Figure 6 shows in schematic form useful components of the flame generator. These include a controller 600 which is configured to act upon and control the light sources 610. Movement of the arm(s) 615 is effected using drive means 620 - of the type that will be apparent to the person skilled in the art- and which may also be coupled to the controller to allow for synchronization of activation/deactivation with the movement of the arm(s).

Therefore it will be understood that the described embodiments are illustrative of the teaching of the invention which is not to be limited in any fashion except as may be deemed necessary in the light of the appended claims. The words comprises/comprising when used in this specification are to specify the presence of stated features, integers, steps or components but does not preclude the presence or addition of one or more other features, integers , steps, components or groups thereof.

Claims

1. A flame effect generator for use with an electric fire in the generation of a simulated flame effect, the generator including: a. at least one moveable arm having at least one light source provided thereon, b. a controller for selective activation and deactivation of the at least one light source in combination with movement of the at least one arm to generate a flame effect.

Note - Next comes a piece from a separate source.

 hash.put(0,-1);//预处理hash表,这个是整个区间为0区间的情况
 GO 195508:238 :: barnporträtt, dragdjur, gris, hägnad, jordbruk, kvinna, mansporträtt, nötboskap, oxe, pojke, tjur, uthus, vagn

2. The generator of claim 1 wherein the light source includes a plurality of light emitting diodes arranged in an array on the arm.

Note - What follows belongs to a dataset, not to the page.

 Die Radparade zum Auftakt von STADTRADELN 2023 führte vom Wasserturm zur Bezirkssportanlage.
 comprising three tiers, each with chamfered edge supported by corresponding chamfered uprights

3. The generator of claim 2 wherein individual ones of the plurality of light emitting diodes are configured to provide different colour outputs.

4. The generator of any preceding claim wherein the arm is mountable on a rotatable disc, a rotation of the disc effecting movement of the arm.

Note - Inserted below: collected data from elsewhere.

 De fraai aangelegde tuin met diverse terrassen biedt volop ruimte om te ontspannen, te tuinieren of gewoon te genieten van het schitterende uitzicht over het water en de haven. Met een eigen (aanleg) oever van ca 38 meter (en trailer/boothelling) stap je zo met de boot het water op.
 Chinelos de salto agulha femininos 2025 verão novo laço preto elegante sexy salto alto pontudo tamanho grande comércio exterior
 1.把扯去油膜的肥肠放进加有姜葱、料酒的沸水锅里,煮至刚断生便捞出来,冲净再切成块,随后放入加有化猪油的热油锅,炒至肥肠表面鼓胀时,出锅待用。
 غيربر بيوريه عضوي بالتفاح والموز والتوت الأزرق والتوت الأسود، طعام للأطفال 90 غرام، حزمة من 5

5. The generator of claim 4 wherein the arm includes a first array of light emitting diodes orientated in a first direction and a second array of light emitting diodes orientated in a second direction.

6. The generator of claim 4 or 5 wherein two or more arms are provided on the rotatable disc, the plurality of arms being distributed about the circumference of the disc.

7. The generator of any one of claims 4 to 6 wherein the rotatable disc is mountable within the fire in a location above a fuel effect generating means.

8. The generator of any one of claim 1 to 3 wherein the at least one arm is fixed at a first end portion to a movement generator, activation of the movement generator causing a movement of a second end portion of the at least one arm relative to the first end portion.

9. The generator of claim 8 wherein the first and second end portions are distally located relative to one another.

10. The generator of claim 8 or 9 wherein the movement defines an arc.

11. The generator of claim 10 wherein the movement is substantially perpendicular to the intended viewing direction of a user.

12. The generator of claim 8 or 9 wherein the movement is in three dimensions.

13. The generator of any preceding claim wherein the controller acts on both the light sources and the arm so as to activate the light source in a spatially dependent manner consistent with the location of the arm.

14. The generator of any preceding claim wherein the activation of the light source provides for a spatial painting of one or more flame effects.

15. The generator of any preceding claim wherein the selective activation and deactivation of the light sources effects a generation of an animated flame effect.

16. The generator of any preceding claim wherein the height or colour of individual flames within the flame effect may be altered by selective activation of appropriate ones of the light sources.

17. A simulated electric fire including a generator as claimed in any preceding claim, the generator being located within a chassis of the fire, the chassis also housing a fuel bed, the generator being located relative to the fuel bed such that when activated generated flame effects appear to originate from the fuel bed.

18. The fire of claim 17 wherein the generator is enclosed within a chamber, the chamber having at least one partially transparent screen through which a viewer may view the generated flame effects.

19. A generator substantially as hereinbefore described with reference to Figures 1 and 2 or Figures 3 to 5 of the accompanying drawings.